Но только знаю, что именно в отделы кадров заходили незнакомые для редакционного народа люди, и если кто из газетчиков нечаянно врывался туда за какой-нибудь очередной справкой, то разговор там мгновенно смолкал и не вовремя ворвавшийся репортер натыкался на взгляд завкадрами: не добродушно-равнодушный, как обычно бывало, а на чужой, жесткий, холодный.
Этим отличался любой другой редакционный кабинет от того самого в момент посещения куратора из КГБ. А кураторы тогда были приставлены к каждой редакции.
В "Комсомолке" я о них не знал, только догадывался, точно так же, как и о тех, кто являлся агентами КГБ: это была, кстати, особенно в семидесятых, постоянная тема для разговоров. Но встретился с ними в "Литгазете", да и то уже после горбачевской перестройки, когда эти сменяющие друг друга "Сергеи", "Жени", "Игори", приходя в редакцию, не особенно скрывали свою принадлежность к органам. Переговорив с нашими кадровиками, они шатались потом по редакционным коридорам и даже жаловались на бардак в своей системе (это был конец 90-го - начало 91-го). Помню, один из них, по-моему, его звали Игорем, когда мы столкнулись рядом с нашим отделом кадров, вдруг сказал: "Знаешь, зачем я приходил? За оперативными данными на Юрия Бондарева!" - "Чего?" - растерянно спросил я. - "Да у него юбилей... Наши должны приветственный адрес писать..." Хотя этот Игорь, естественно, скромничал. Позже я узнал, что в здании редакции прослушивались десять кабинетов, и именно кураторы из КГБ еженедельно знакомились со всеми этими записями, уж не говорю о том, что они спрашивали и что им рассказывали в нашем отделе кадров.
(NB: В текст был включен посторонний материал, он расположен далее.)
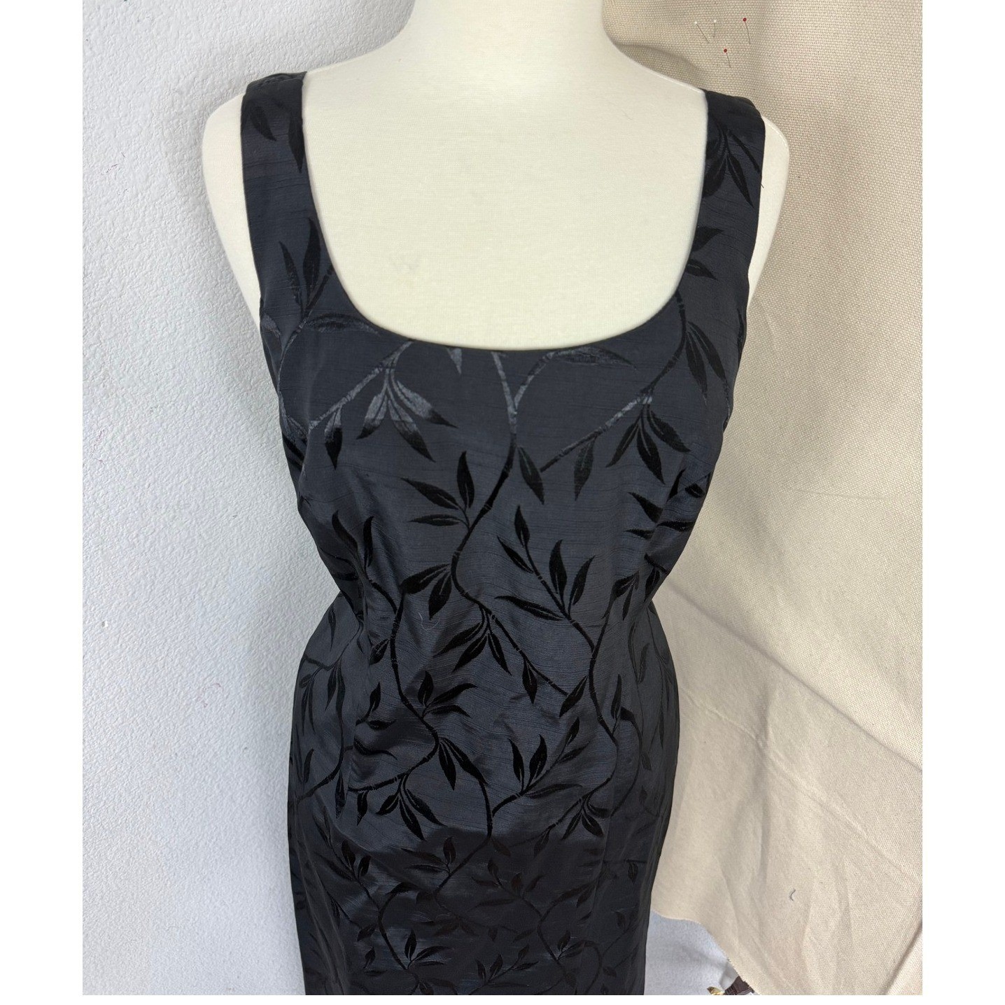 JR Nites by Caliendo Vintage Black Leaf Jacquard 2 Piece Dress and Jacket Set 10

Да, отделы кадров были теми форпостами, откуда потом загоняли людей в стукачи. Хотя, как и в любой бюрократической системе, там творилось черт знает что и были в них и кадровики с человеческим лицом.
Процитирую письмо, полученное мною из Киева от Дмитрия Игнатьевича Фурманова, работавшего начальником отдела кадров.
"Отдел кадров - это банк демографических данных на всех, и потому кадровик - находка для КГБ. От вербовщиков в звании до капитана я отбивался собственной грудью с орденскими планками, а принципиальным майорам и выше заводил волынку на манер Швейка. Альянс не состоялся, хотя в нужные бумаги они нос совали. И не только нос, но и своих людей.
В "Укргипропроме", где я начинал кадровиком, в спецчасти сидели подполковники КГБ запаса Дьяченко и Усатюк. Когда гданьские корабелы затеяли забастовку, получаю приказ: учредить круглосуточное дежурство ответственных работников и... (цитирую приказ) "через каждые два часа докладывать дежурному по ДСК-1 о настроениях рабочих и ИТР".
Звоню своему начальнику:
- Ты умный человек, как же ты мог сочинить такой идиотский приказ? Где взять столько "ответственных", когда неизвестно, сколько дней продлится там у них забастовка? И потом эти доклады через каждые два часа?!
С дежурными выкручивайся сам, а регулярная информация - требование секретаря парткома. Звоню секретарю:
- Ты же знаешь, что наши участки разбросаны по окраинам Киева. Какой же инспектор будет бегать вокруг города за "настроениями и высказываниями"?
Он мне:
- Приказ свыше...
Плюнул я в трубку, а через час звонок:
- Ладно, докладывай раз в сутки после работы. В сердцах выдал забытый фронтовой жаргон, а через день пригласили меня в Печорский райком партии, и безусый партбосс долго-долго меня воспитывал, пока я не взмолился:
- Господи, как же можно бояться своего народа, чтобы из-за братьев-поляков поднять такой тарарам?! И вообще, где Польша, а где Киев?!